We'd barely said our good-byes when the front doorbell rang. I braced myself, thinking it would be Clint wanting to ask me more questions. I peeked around the drape that covered the living room picture window. I had zero desire to see Sandy Gibbons, but there she was, standing on my front step with her brown hair flying straight up in the wind. I opened the door so she wouldn't try to pump my parents for information they didn't have. And she did look cold.

“Cami, if it weren't for bad luck, you wouldn't have any at all. That's certainly been true lately, at least.” Sandy was not known for her tact. She was missing the filtering gene that stopped most of us from saying things that might offend others. “Brrr, that north wind is brutal tonight.” She stepped inside, and her hair fell back down and formed an unusual
hairdo. Not unlike what mine looked like when I crawled out of bed in the morning.

“I've had a couple of bad—okay, really bad—things happen in the last month or so, but I don't know if it has anything to do with luck.”

Sandy waved her hand in the air as if she were dispelling my words. “Can we sit down for a few minutes? I've been running all over town, and I'm not exactly a spring chicken, you know.” She had seemed about the same age, sixtyish, for as far back as I could remember. She was likely nearing seventy by now.

“Let's sit at the kitchen table.” I led the way. She plopped her large purse on the table then fished inside of it and came out with a notebook and laid it on the table. Then, as she lowered her body onto a chair, she slipped off her coat and let it drop on the seat behind her. She reached into the front of her shirt and pulled a pen from heaven knows where, ready to write.

Sandy sucked in a giant breath and looked me squarely in the eyes. “All right. I know someone died in your shop and that it's being investigated as a homicide.”

“How do you know all that?” I said and sunk down on a chair myself.

Because I heard the Buffalo County dispatcher call for the major crimes investigators to go to your shop address, over my police scanner. I got down there as soon as I could. The shop doors were locked, and I saw the coroner and the Buffalo County crime team there, a sure sign it was a homicide.

“I was afraid you or Pinky had been robbed and killed
on top of it all, but then I saw you through the window before they closed your blinds. Pinky's were left open, and I was relieved to see Erin and Pinky were safe and sound, too.” Sandy admitted she had been one of the snoopers sitting in a vehicle outside. Not a bit surprising.

“Sandy, since the police won't tell you anything, what makes you think I can?”

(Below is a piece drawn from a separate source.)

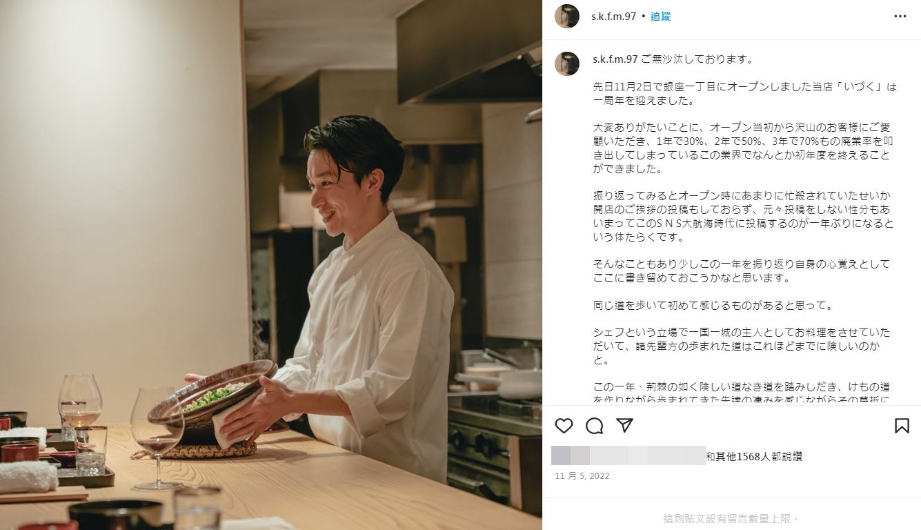 他在累積實績與人氣之後,於2年前在銀座開設高級日料店「IZUKU」,成為政界、財經界、上流貴族最喜歡造訪的餐廳之一。也因為顧客來頭不小,該店套餐訂價極高,為3.5萬日幣(約新台幣8229元),加上飲料最低消費就要5萬日幣(約新台幣1萬1755元)。因為他的帥氣外貌,令不少名流為他傾心,甚至不惜買下高價的酒,只為吸引他的注意。此外,他還開設IG、YouTube頻道,立刻就吸引超過萬名粉絲追蹤,可說是非常受歡迎。
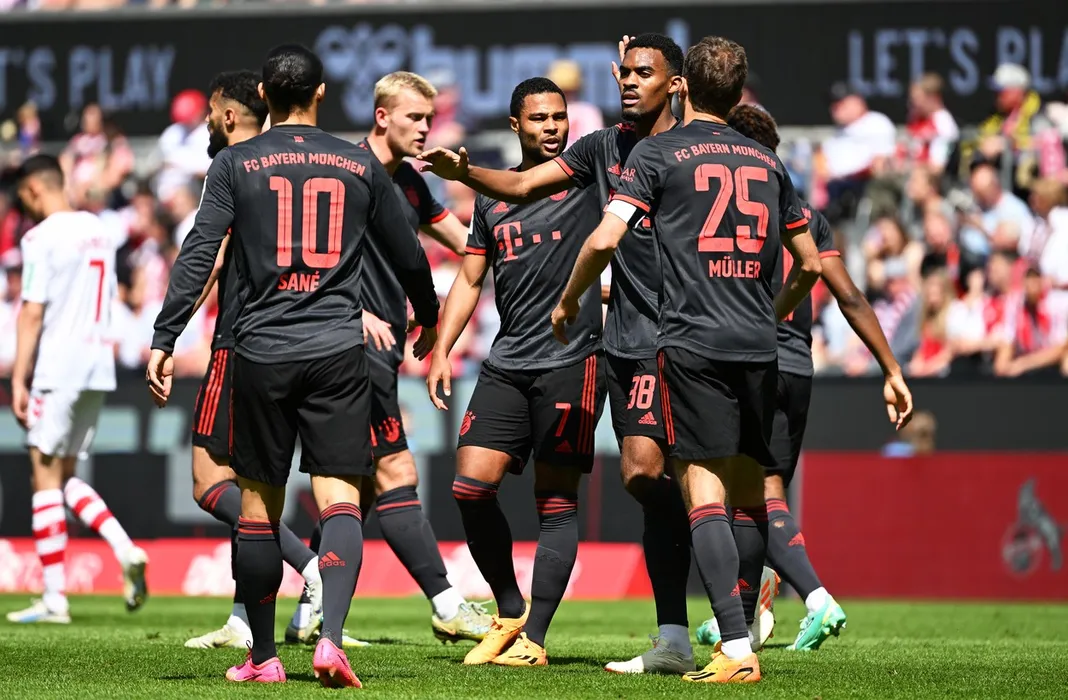 27 May 2023, North Rhine-Westphalia, Cologne: Soccer: Bundesliga, 1. FC Köln - Bayern München, Matchday 34, RheinEnergieStadion. Bayern's players celebrate the goal to make it 1:0. IMPORTANT NOTICE: In accordance with the regulations of the DFL Deutsche Fußball Liga and the DFB Deutscher Fußball-Bund, it is prohibited to use or have used photographs taken in the stadium and/or of the match in the form of sequence pictures and/or video-like photo series.,Image: 779644595, License: Rights-managed, Restrictions: , Model Release: no

She brushed at something on her notepad. “Cami, the police left your shop a couple of hours ago and said they'd be releasing a statement soon. Were they just saying that to get me to leave?”

Maybe they were. “The police need to talk to everyone in the family before they talk to the media and the rest of the world.”

“It's the same old thing every time something big breaks. We have to practically beg, borrow, and steal to find out any details.”

“But in the end you always get your story, right?”

“Well, back to your comment about everyone in the victim's family. Are you saying this person comes from a large family?”

I smiled. “No, it was just an observation.”

She leaned closer. “Is it someone you know?”

“Yes, Sandy, it is, but that is absolutely the last thing I can say about it until the police tell me—” The ringing of my home phone cut me off. I jumped up and saw it was Mark calling.

“Oh, you are home. You weren't answering your cell,” he said.

“It's on the charger. What's up?”

“Clint just released Molly's name to the major media
channels and said her death was under investigation. It'll be on the ten o'clock news.”

That would make it seem more official. “Oh. I don't think I'll be able to watch it.” I glanced over at Sandy, who was obviously eavesdropping. “And how about our local media?”